The data Block Start

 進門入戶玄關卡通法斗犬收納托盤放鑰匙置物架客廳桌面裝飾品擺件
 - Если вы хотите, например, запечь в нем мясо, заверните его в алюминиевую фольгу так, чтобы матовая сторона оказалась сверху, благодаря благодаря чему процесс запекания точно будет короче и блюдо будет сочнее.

The data Block End
The data Block Start

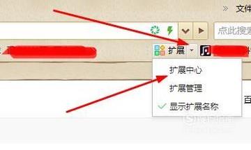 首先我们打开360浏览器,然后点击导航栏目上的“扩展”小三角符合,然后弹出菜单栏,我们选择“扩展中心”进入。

The data Block End
The data Block Start

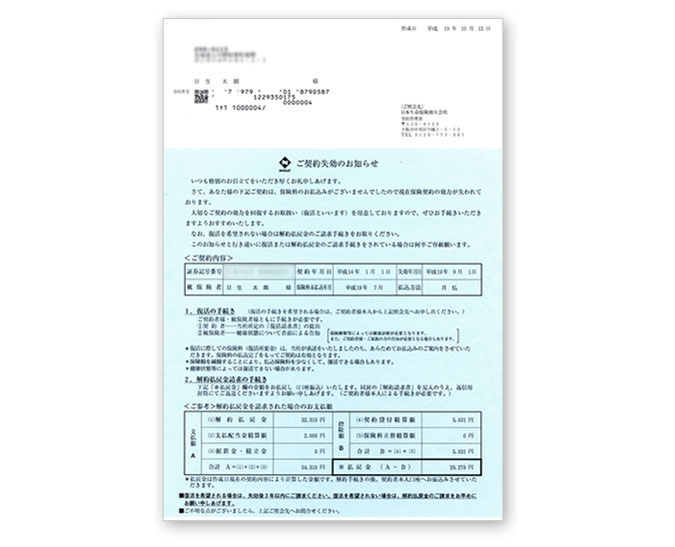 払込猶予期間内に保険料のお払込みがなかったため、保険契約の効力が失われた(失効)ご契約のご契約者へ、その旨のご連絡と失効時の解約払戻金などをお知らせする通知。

The data Block End

» Task prompt
From the data above, return every line from the line that has "進門入戶玄關卡通法斗犬收納托盤放鑰匙置物架客廳桌面裝飾品擺件" up to and including the line that has "- Если вы хотите, например, запечь", exactly.

» Answer below
 進門入戶玄關卡通法斗犬收納托盤放鑰匙置物架客廳桌面裝飾品擺件
 - Если вы хотите, например, запечь в нем мясо, заверните его в алюминиевую фольгу так, чтобы матовая сторона оказалась сверху, благодаря благодаря чему процесс запекания точно будет короче и блюдо будет сочнее.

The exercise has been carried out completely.